Barbara Rebell, wrapped in her black domino-like cloak, bent forward and looked out of the carriage window.

There was something fantastic, magnificent, almost unreal in the scene she saw. The brougham in which she sat by Berwick's side was gliding quietly and smoothly between pillars of fire. The glare lighted up the grey castle walls, and gave added depth to the forked shadows lying across the roadway. Already the loud shouts, the sound of wheels and trampling horses filling the courtyard, lay far behind. In a few moments they would be under the tower, through the iron gates, now opened wide to speed the parting guests, and driving down the steep streets of sleeping Halnakeham town—so into the still darkness of the country lanes.

Suddenly, to the left of the Gate Tower under which they were about to pass, there quickened into brightness a bengal light, making vividly green the stretch of grass, and lending spurious life to the fearsome dragons and stately peacocks which were the pride of the Halnakeham topiarist.

Barbara clasped her hands in almost childish pleasure.

"Oh! how beautiful!"—she turned, sure of sympathy, to the silent man by her side, and then reddened as she met his amused smile, and yet it was a very kind and even tender smile, for he also felt absurdly light-hearted and content.

Till the last moment, Berwick had trembled lest his scheme should miscarry.

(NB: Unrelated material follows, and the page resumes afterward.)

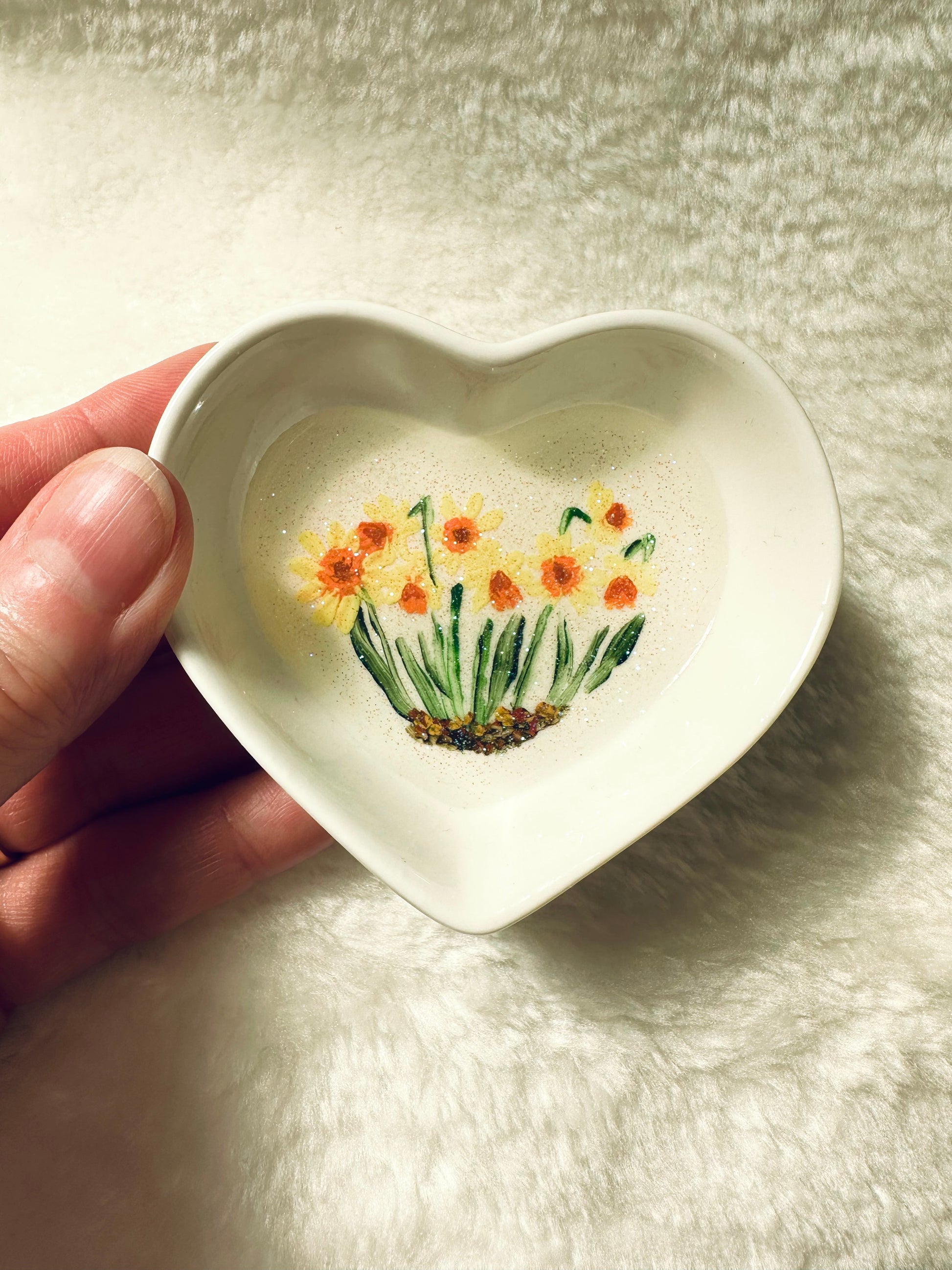 These tiny heart shaped dishes make the perfect addition to your home décor. Big enough to catch earrings, a few rings or odd desk supplies, they give a flare to their surroundings and are little pieces of art all on their own.
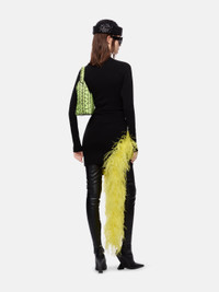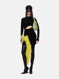 Mini skirt in black and yellow cotton bouclè with asymmetrical handkerchief shape and logo metal ends. Style 231WCS133KV001F166 SIZE & FIT The model is wearing a size 40 and her height is 179 cm, bust 80 cm, waist 60 cm, hips 90 cm. Regular fit. We recommend taking your true size. DETAILS Main fabric: 70% viscose 30% polyester, embroidery: 100% ostrich feathers

Well, Providence, recognising his excellent intentions, and realising how good an influence such a woman as Mrs. Rebell could not but exercise on such a man as himself, had been kind. He felt as exultant as does a schoolboy who has secured a longed-for treat, and it was a boy's expression which rose to his mind concerning his sister—"Arabella behaved like a brick!"

Looking back, he could still see the group of people standing in the square entrance hall of the castle, himself gradually marshalling Arabella's guests into the Fletchings omnibus and the Fletchings carriage. Again he felt the thrill with which at last he had heard his sister's clear voice say the words, "Now, Mrs. Rebell, will you please get in there, and kindly drop my brother at Chillingworth on your way back to Chancton?"

The whole thing had been over in a moment. He himself had placed Barbara, bewildered but submissive, in the little brougham which he had bought that last spring in Paris, and which was supposed to be the dernier cri in coachbuilding luxury; and then, taking the place beside her, had found himself at last alone with her.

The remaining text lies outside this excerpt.